Nets lose after drubbing by Bulls, Zach LaVine in fourth quarter
The Nets may have swapped out their coach, but their coach isn’t the one playing the games.
Hours after the team parted ways with Steve Nash, putting in place interim coach Jacque Vaughn, the Nets suffered a fourth-quarter collapse, losing to the Bulls, 108-99, at Barclays Center, dropping them to 2-6.
The Nets, who squandered a 24-point lead the day before but held on, squandered a 12-point third-quarter lead Tuesday and faltered, as Zach LaVine took off for 20 of his 29 points in a fourth quarter where the Bulls outscored the Nets, 31-19. The Bulls held the embattled Kyrie Irving to 0-for-7 with no points in the first three quarters before Irving finished with four.
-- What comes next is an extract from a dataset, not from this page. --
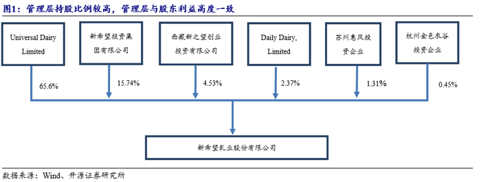新乳业管理层与股东利益高度一致。刘永好和刘畅父女为公司的共同实际控制人,刘畅女士通过Universal Dairy Limited持有公司65.6%的股份,刘永好先生通过新希望投资集团有限公司持有公司15.7%的股份。西藏新之望创业投资有限公司、苏州惠风投资企业及杭州金色衣谷投资管理合伙企业主要由新乳业高管及被收购企业的高管持股,因此公司管理层持股比例较高,管理层与股东利益高度一致。

“The message I told the guys afterwards is no excuses,” Vaughn said when asked of the week’s volatility, headlined by the continued Irving controversy “This is what we do for a living and we signed up for it.”
Kevin Durant finished with 32 points, 20 coming in the first half. Royce O’Neal matched a career high with 20 points. The Nets committed four of their 17 turnovers in the fourth quarter, and allowed 24 points on turnovers.
“Every night I’m guarded by five players, so I’m going to turn the ball over,” said Durant, who had six. “I’m trying to be aggressive and trying to create stuff. The whole team is going to guard me throughout the whole season, so get used to the turnovers.”
Alex Caruso hit a three with 7:52 left to give the Bulls an 89-88 lead as part of a 17-2 run that featured back-to-back left-wing threes from LaVine. They went up by as many as 11 with 4:57 to go. LaVine kicked in another three with a little less than three minutes left to make it 106-94.
A 10-2 run early in the second quarter, capped by O’Neale’s driving layup with 7:39 left helped pace the Nets to a 58-52 lead at halftime. That, though, proved relatively short-lived, as the Bulls cobbled together a consistent attack, outscoring the Nets 25-22 in the third quarter and drawing to within 80-77 on DeMar DeRozan’s fadeaway jumper with time expiring in the frame. LaVine scored four straight points to open the fourth, leading the Bulls on an 8-0 run and their first lead since late in the first quarter.
Irving’s baseline layup with 10:20 left were his first points of the game, and helped the Nets briefly reclaim the lead, but that wasn’t nearly enough to quash an electric LaVine.
“He was making shots,” Joe Harris said of LaVine. “He was getting downhill on different plays to get to the line and we just collectively didn’t do a good enough job defensively to close out the game.”